The sun dawned on a new day, Merda’s third out here, and before long the Florida heat set the swampland to broiling. Green horse flies swarmed his injury where the naked muscle twitched and the bare bone gleamed. The land was so soggy that even when he wasn’t standing in water, he could scoop at the earth with his good hand and a little puddle of filthy drinking water would fill the depression he’d made. He nibbled at some tiny purple flowers growing throughout the swamplands. He began to fade, utterly spent and bloodied. But he’d made his decision. He’d chosen life, even if it meant the pain and frustration of endless struggle. Whenever his fatigue overwhelmed him, he flattened the tall grasses to make a mat on which to sleep.
His quest was dry land, and at last he found it—only to discover it overwhelmingly choked with thorny vines. It was either the swamp or this endless wall of thorns—no getting around it, over it or under it. He must push through. It’s just a little pain, he told himself. You aren’t even going to remember it once it’s gone. So he dragged himself into the bramble, crab-walking at times, sliced and punctured, pausing periodically to psych himself up for more pain.
In late afternoon, Merda came across a brown beer bottle lying in the mud like a signal from civilization. He knew now that he was saved. How far can somebody throw a beer bottle—10 metres? That meant it must be only that far to the road. You can go another 10 metres, he told himself.
He did, and when he exited the thorns he was staggering alongside the road near the turnaround spot for the boat ramp.
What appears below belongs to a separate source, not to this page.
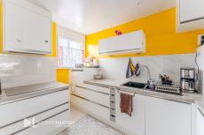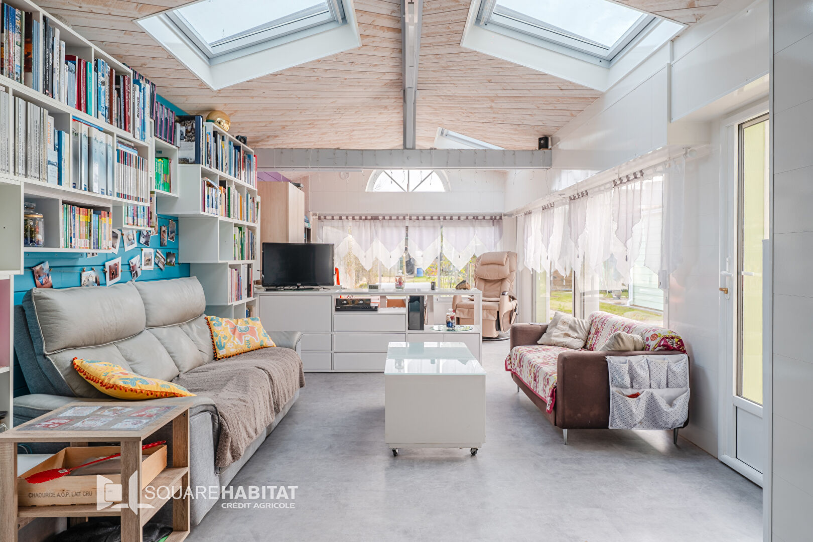 Dès l'entrée, vous découvrez une agréable cuisine aménagée et équipée, ouverte sur une pièce de vie baignée de lumière. Son poêle de masse apporte une ambiance douce et chaleureuse, parfaite pour les moments en famille ou entre amis.

On the other side of a wire fence, a man stood beside a red car.
“Hey! Hey!” Merda yelled. The man stared in disbelief at the stranger, naked save for the blood and mud that covered his body. “What are you doing back there?” he said.
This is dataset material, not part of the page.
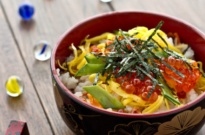 Each region in Japan serves a slightly different version of chirashi sushi with various ingredients and toppings.
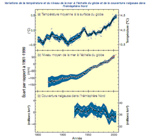 - Entre 1995 y 2007, once de los doce años figuran entre los años más cálidos desde 1850, fecha en la que comenzaron los relevamientos instrumentales de la temperatura en la superficie del planeta. El valor establecido para 1906–2005 asciende a +0,74°C en promedio. Es muy probable que las temperaturas medias de la segunda mitad del siglo XX en el hemisferio Norte hayan sido más elevadas que las de cualquier otro período de igual duración en el transcurso de los últimos 500 años, y es probable que hayan sido las más altas de los últimos 1300 años por lo menos.

“A gator got me!” Merda answered, waving his stump. “You got any water?”
“Holy … ! I don’t have any water, but I’ll get you some, for sure.”
The fence was the final obstacle between him and civilization. Merda had had enough. He lay down in the weeds on the swamp side of the divider and waited for the emergency workers, who would cut the fence and carry him over to the helicopter that would whisk him away to the rest of his life.
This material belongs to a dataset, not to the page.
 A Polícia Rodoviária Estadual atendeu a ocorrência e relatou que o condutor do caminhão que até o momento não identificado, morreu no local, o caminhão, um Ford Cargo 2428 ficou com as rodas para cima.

Merda spent nearly three weeks in a Sarasota hospital. His wound had become infected in the swamp, so surgeons removed considerably more than the alligator had taken, leaving him with only about half of his upper arm. It’s incredible that he didn’t bleed to death—a miracle, Merda says.
He ate like a machine in the hospital, and sent a buddy out for one meal not on the kitchen’s menu: crunchy fried alligator nuggets.
On his release, he tried to return to work. “I can still do it,” he says, “but with one hand it’s slow.” It wasn’t practical to take up his old trade. So now he’s casting about for some way to make a living while sharing the things he’s learned. Consult? Teach? Write a children’s book? Take up public speaking? Become a comedian?
He says he wants to inspire people to think, “If a skinny dude from Sarasota can fight a gator and survive, why am I afraid to open my own business, go to college or get a contractor’s license?”
The road ahead won’t be easy. Then again, that was part of the deal with God. Sometimes he feels at a loss, as if his dreams sound too ambitious, too ridiculous. But, says Merda with the wisdom of a man who has done battle with the divine, “It sounded pretty ridiculous that I was going to make it out of that swamp alive, too.”